DESCRIPTION OF THE TASK:
Return all the data below as it stands, minus the pictures.

Top of GIVEN INFORMATION

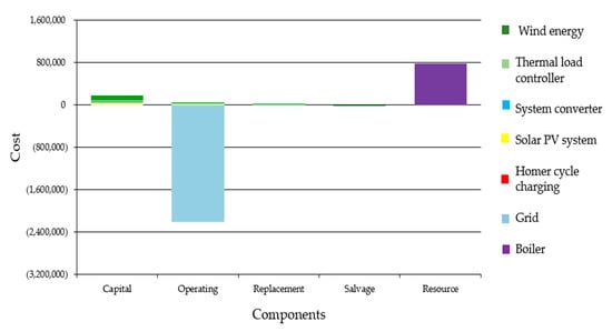 As far as the economic analysis, Figure 12 and Figure 13 describe the economic assessment which includes the capital cost, the operation and maintenance cost, the fuel cost, and the salvage values of the system are presented. Figure 12 illustrates the cash flow over the lifetime of the projects, where the results indicate the operational and maintenance cost, the replacement, and salvage values. Figure 13 shows the initial cost, the cost of used resources, and the annual operational costs.
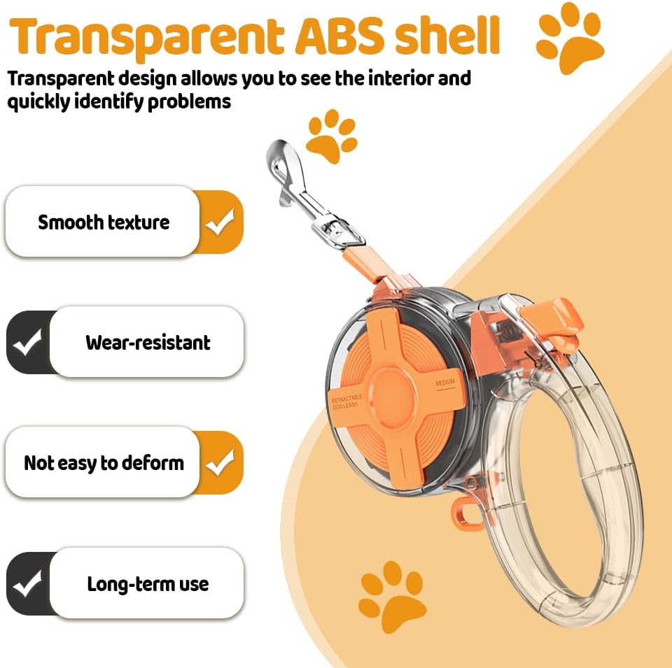 - Schnellbremsknopf: Ausgestattet mit einer empfindlichen Bremssperre, sperrt ein einfacher Druck die Leinenlänge und begrenzt so das plötzliche, aggressive Verhalten Ihres Hundes sofort. Durch erneutes Drücken wird die Leine wieder auf ihre
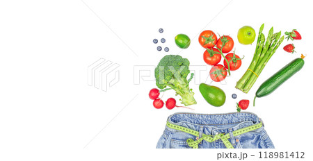 dieting concept with oversized jeans. Successful weight loss. healthy food menu. Diet concept

Bottom of GIVEN INFORMATION

ANSWER TO THIS EXERCISE:
 As far as the economic analysis, Figure 12 and Figure 13 describe the economic assessment which includes the capital cost, the operation and maintenance cost, the fuel cost, and the salvage values of the system are presented. Figure 12 illustrates the cash flow over the lifetime of the projects, where the results indicate the operational and maintenance cost, the replacement, and salvage values. Figure 13 shows the initial cost, the cost of used resources, and the annual operational costs.
 - Schnellbremsknopf: Ausgestattet mit einer empfindlichen Bremssperre, sperrt ein einfacher Druck die Leinenlänge und begrenzt so das plötzliche, aggressive Verhalten Ihres Hundes sofort. Durch erneutes Drücken wird die Leine wieder auf ihre
 dieting concept with oversized jeans. Successful weight loss. healthy food menu. Diet concept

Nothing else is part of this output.